EXERCISE AIM → Please print exactly the lines below, from the start of the material up to and including the line with "Трамп настаивает на", but none of the pictures.

RECORDS PROVIDED →

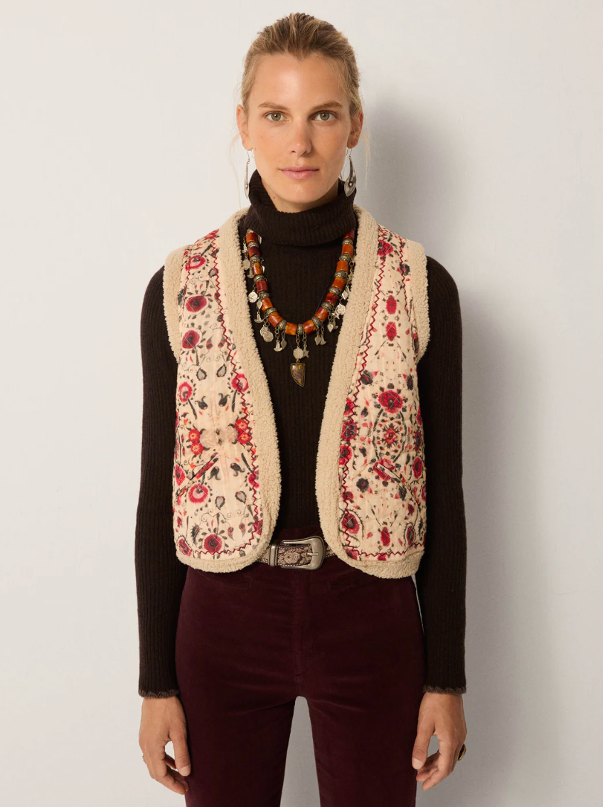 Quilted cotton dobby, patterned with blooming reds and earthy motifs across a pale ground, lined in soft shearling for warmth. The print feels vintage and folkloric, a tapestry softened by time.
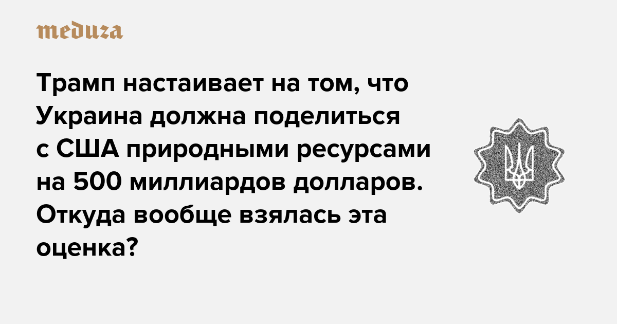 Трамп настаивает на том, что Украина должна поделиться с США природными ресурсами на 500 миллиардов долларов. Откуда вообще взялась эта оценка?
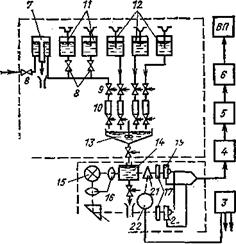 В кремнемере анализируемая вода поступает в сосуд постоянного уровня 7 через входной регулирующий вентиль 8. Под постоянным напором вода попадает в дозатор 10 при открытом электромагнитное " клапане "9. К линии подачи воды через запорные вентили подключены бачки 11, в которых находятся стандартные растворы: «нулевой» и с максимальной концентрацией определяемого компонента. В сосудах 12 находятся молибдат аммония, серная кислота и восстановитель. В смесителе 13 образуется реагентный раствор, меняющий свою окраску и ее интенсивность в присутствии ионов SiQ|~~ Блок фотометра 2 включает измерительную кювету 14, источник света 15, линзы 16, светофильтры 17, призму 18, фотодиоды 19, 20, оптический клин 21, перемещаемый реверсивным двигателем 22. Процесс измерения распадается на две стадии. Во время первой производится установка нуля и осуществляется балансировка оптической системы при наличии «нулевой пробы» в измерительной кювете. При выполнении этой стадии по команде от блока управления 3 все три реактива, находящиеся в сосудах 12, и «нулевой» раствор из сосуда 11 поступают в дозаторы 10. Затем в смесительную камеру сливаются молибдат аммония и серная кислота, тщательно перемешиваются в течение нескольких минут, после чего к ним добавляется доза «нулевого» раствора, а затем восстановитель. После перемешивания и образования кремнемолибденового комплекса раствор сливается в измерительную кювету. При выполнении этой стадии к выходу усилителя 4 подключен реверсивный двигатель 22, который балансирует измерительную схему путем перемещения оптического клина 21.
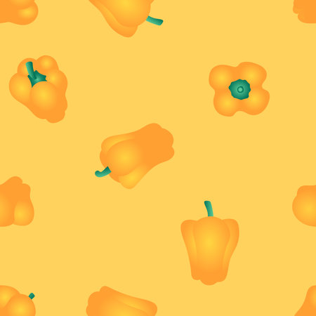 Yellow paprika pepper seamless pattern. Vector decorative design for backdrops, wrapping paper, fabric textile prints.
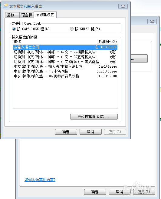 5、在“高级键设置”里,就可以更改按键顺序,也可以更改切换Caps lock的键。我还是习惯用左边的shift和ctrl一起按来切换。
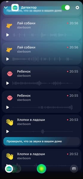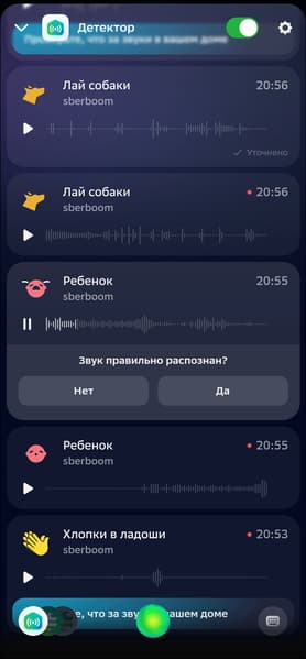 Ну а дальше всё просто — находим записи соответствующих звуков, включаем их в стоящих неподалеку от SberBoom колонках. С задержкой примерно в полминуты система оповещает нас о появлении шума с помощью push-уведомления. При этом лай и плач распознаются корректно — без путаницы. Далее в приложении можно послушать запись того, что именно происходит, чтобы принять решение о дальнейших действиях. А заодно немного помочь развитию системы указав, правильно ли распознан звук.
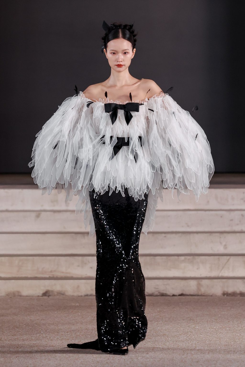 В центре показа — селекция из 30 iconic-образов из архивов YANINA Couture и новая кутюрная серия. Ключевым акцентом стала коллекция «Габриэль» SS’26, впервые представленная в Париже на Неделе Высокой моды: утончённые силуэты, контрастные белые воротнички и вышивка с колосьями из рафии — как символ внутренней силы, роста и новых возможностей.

RESULT →
 Quilted cotton dobby, patterned with blooming reds and earthy motifs across a pale ground, lined in soft shearling for warmth. The print feels vintage and folkloric, a tapestry softened by time.
 Трамп настаивает на том, что Украина должна поделиться с США природными ресурсами на 500 миллиардов долларов. Откуда вообще взялась эта оценка?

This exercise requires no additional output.